One of Kennedy's early triumphs was his participation in creating the National Teachers Corps, part of the Higher Education Act of 1965 that helped to provide scholarships for teachers who agreed to spend two years working in economically disadvantaged communities in the U.S., training them to work in low income, inner-city and rural schools. Three years later, he also championed the Bilingual Education Act of 1968, which required schools to offer bilingual education programs.

Another of his most lasting legacies for young voters is his amendment of the Voting Rights Act in 1970, which laid the groundwork for a constitutional amendment lowering the voting age from 21 to 18.
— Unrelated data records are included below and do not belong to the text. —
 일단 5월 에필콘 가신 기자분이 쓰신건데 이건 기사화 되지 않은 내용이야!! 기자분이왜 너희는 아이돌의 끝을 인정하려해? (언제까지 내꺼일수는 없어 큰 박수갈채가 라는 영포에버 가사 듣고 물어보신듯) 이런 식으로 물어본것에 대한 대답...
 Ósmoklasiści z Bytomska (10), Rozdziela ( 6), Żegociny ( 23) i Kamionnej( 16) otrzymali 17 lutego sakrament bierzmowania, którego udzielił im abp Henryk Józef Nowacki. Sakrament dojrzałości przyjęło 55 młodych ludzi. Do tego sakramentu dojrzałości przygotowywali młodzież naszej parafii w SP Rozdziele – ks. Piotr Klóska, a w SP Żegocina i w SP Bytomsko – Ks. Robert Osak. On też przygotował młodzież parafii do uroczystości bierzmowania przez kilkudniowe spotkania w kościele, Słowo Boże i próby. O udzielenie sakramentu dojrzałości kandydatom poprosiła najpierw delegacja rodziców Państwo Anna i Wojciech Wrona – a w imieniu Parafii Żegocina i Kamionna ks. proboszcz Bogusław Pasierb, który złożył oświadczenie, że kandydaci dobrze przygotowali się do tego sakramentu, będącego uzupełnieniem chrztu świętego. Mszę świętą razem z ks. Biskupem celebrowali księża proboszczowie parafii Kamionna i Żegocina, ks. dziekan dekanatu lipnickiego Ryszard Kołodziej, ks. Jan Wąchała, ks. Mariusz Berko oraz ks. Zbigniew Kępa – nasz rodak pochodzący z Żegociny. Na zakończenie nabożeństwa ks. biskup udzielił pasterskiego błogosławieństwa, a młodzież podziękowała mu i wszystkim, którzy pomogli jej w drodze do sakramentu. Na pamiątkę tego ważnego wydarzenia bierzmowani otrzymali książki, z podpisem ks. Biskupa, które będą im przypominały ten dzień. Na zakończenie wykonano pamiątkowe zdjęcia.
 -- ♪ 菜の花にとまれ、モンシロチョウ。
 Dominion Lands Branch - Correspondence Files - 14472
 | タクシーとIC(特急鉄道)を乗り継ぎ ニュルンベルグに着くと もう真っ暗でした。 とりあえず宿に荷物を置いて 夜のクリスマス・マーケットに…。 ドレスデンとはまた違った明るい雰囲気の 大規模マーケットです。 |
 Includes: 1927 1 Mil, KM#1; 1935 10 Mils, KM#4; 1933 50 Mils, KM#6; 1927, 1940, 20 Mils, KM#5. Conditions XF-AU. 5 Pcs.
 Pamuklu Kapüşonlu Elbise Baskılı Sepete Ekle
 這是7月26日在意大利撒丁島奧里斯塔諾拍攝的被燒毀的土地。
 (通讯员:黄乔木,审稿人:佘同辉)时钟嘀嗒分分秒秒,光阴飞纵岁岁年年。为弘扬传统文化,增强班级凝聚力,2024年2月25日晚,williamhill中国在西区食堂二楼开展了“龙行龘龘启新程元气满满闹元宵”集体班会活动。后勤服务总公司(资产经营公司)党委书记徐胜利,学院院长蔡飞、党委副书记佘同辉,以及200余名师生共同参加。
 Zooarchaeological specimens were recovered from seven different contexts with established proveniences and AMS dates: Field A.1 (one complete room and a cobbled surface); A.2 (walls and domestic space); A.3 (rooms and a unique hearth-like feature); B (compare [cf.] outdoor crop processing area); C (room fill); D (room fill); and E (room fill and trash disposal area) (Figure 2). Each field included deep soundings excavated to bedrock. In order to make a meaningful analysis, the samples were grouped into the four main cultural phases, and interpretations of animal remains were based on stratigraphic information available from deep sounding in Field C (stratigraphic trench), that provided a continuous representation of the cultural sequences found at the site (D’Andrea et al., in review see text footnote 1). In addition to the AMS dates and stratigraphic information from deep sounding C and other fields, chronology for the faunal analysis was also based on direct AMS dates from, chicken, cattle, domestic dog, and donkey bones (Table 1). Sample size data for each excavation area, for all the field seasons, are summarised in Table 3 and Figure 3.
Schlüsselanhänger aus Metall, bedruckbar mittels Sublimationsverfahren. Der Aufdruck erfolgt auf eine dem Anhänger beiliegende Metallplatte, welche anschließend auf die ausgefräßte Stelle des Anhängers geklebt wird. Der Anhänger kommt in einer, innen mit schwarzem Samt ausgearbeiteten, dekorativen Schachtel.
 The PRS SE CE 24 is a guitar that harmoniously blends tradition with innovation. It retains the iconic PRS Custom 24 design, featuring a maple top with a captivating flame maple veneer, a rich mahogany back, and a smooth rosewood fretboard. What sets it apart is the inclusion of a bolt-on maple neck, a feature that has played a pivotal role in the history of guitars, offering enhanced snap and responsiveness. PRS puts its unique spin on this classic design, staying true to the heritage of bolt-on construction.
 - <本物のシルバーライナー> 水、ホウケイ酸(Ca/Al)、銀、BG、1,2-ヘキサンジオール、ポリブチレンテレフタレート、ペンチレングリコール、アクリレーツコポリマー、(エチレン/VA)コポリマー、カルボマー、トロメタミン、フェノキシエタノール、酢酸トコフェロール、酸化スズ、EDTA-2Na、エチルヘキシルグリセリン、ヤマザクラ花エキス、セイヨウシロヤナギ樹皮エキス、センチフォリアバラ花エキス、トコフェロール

Kennedy was one of the key supporters of equal rights for female high school and college athletes under Title IX of the Education Amendments of 1972, which protected women from discrimination in educational institutions and increased opportunities for women to participate in college sports. In 1975, Kennedy was the original co-sponsor of the Education for All Handicapped Children Act (later the Individuals with Disabilities Education Act), which required free and appropriate education for children with disabilities in every state. He would also later sponsor legislation authorizing grants for early learning for infants and toddlers with disabilities and a child-care act for members of the military that is still considered one of the best child-care systems in the country.

Among his initiatives in the 1990s that impacted the lives of young Americans: the repeal of the ban on women serving as combat aviators in the armed services, an expansion of the early education Head Start program, a $500 million appropriation to expand the Summer Jobs for Youth Program and the establishment of the Direct Lending Program, which allowed the Department of Education to provide low-cost loans to college students to cover educational expenses.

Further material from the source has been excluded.